60 below for 5 days straight, and they didn't even cancel school until the last day, when the buses finally gave up the ghost. Bastards.
Duuuuude. Alaska's State motto could be along the lines of: We're Not Nuts, Honest.
I'm just confused by people boycotting stores for not having Christmas stuff. They're arguing for a more commercialized Christmas?
I know, right! Oy.
Oh no, this won't be the last jab of pain. That one's going to come when she tells me she's pregnant. I'm not even going to pretend I'll be ready for that one. That will hurt big time.
Sighhhh....
oh, alRIGHT... knock me up if it'll make you feel better...
t eyeroll
Everybody suggest one book they love that was published before 1923.
Tess of the D'ubervilles
North of Boston by Robert Frost.
I so need to read this. We read a bit for my creative writing class last Spring, and I just loved it. Forgot about it until now, though.
t whine
I am feeling very burnt out and exhausted. Tom is concerned that I'll get stressed, but I am so far from stressed it's alarming. I'm very "And somehow, I just can't seem to care" about it all-slammed at work, school, and holiday stuff. I just want to sob in exhaustion and sleep for about a week straight. Also, not to get too personal, but I'd
like to be able to have enough energy to have sex.
t /whine
Sorry.
And in other religiious-right complaints, they feel W. has fallen from his evangelical status because the White House cards say "Happy Holidays".

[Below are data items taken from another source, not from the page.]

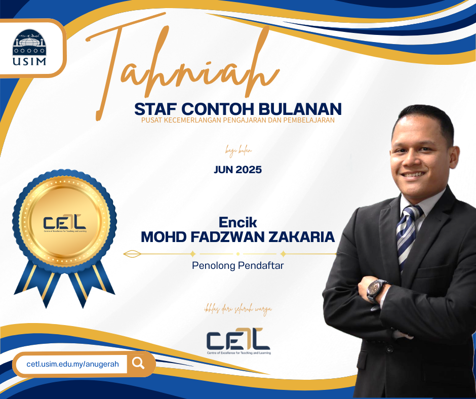 Mohd Fadzwan bin Zakaria, Penolong Pendaftar CETL telah dianugerahkan Staf [...]
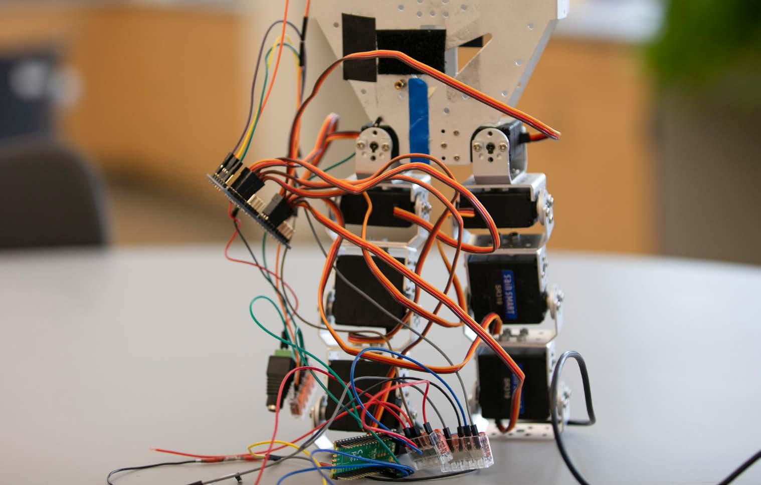 Although the relative imprecision of the flex sensors did not impede their accuracy in capturing human motion values that could be replicated by the bi-pedal robot, it might pose an issue for haptic feedback calibration To determine the correct form of the undulation form, the system must be calibrated by wearing the sensors as the athlete performs the correct form and the values are captured Those values will then be used to set the ranges for the proper undulation form and to program the vibration motors for haptic form correction Additionally, the relative imprecision of the ground values collected for vibrations, and the values collected by the training wearer as they train their form, could be compounded making the feedback less accurate A possible solution would be to interface more flex sensors into each joint of the system. Although the flex sensor varied greatly within a set stagnant angle value, when the fluctuating values were averaged, the angle produced was consistently accurate. Adding 1-2 more flex sensors ($20 per sensor) would allow the values to be averaged and improve precision while maintaining a low-cost system.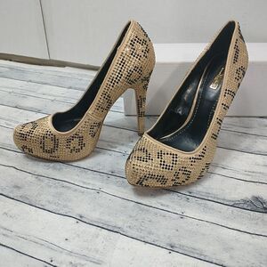 Report Signature Woman's SZ 6.5 Parker Gold Black Rhinestone Leopard Stilettos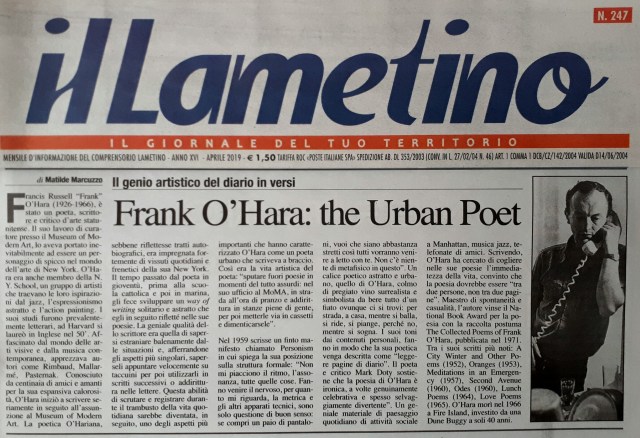 Pingback: Frank O’Hara: the Urban Poet – "La spada ferisce, la penna trafigge!" _ A lady in the news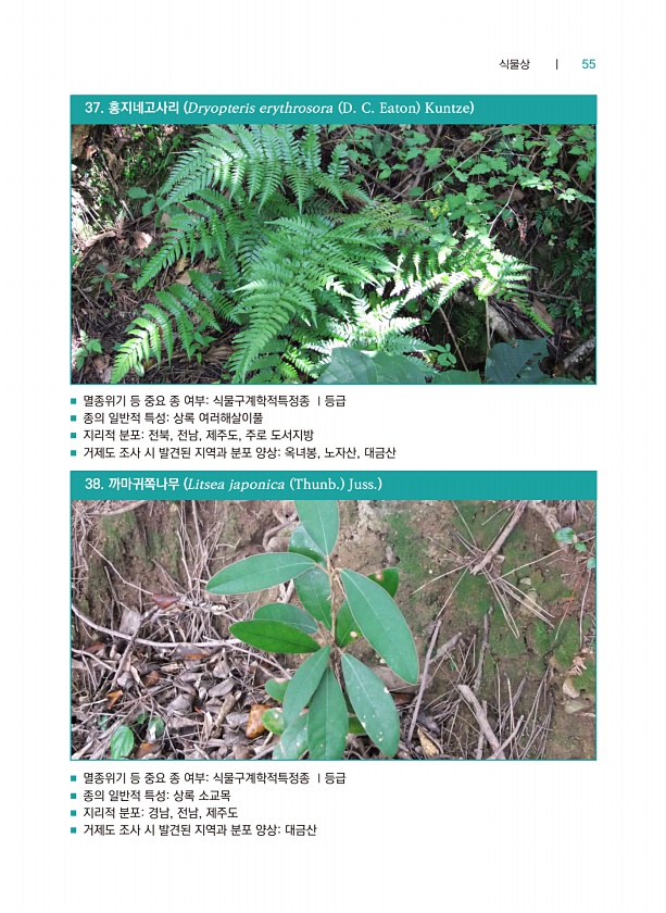 식물상 ┃ 55 ■ 멸종위기 등 중요 종 여부식물구계학적특정종 Ⅰ등급 ■ 종의 일반적 특성상록 여러해살이풀 ■ 지리적 분포전북, 전남, 제주도, 주로 도서지방 ■ 거제도 조사 시 발견된 지역과 분포 양상옥녀봉, 노자산, 대금산 ■ 멸종위기 등 중요 종 여부식물구계학적특정종 Ⅰ등급 ■ 종의 일반적 특성상록 소교목 ■ 지리적 분포경남, 전남, 제주도 ■ 거제도 조사 시 발견된 지역과 분포 양상대금산 37. 홍지네고사리 Dryopteris erythrosora D. C. Eaton Kuntze 38. 까마귀쪽나무 Litsea japonica Thunb. Juss.

Today my boss is taking my team out to PF Changs for late lunch/early dinner. I like the folks on my team, but social time with them....oh fun. *cough*
{{{{{{{{{{Nora}}}}}}}}}}}
Nora, I feel like wrapping you up in a blanket and giving you cocoa. Or at least finding a hot tub. I wish you lived closer so we could get together and try to overcome schoolwork-related apathy together. I have a presentation, a paper, and a final next week, and I'm feeling like... eh.
And in other religiious-right complaints, they feel W. has fallen from his evangelical status because the White House cards say "Happy Holidays".
This controvery just keeps making me laugh and laugh like a stupid person. I mean, talk about priorities being out of whack.
Yeah, I'm full of Teh ...Eh.
Except in this case, the stupid people aren't laughing.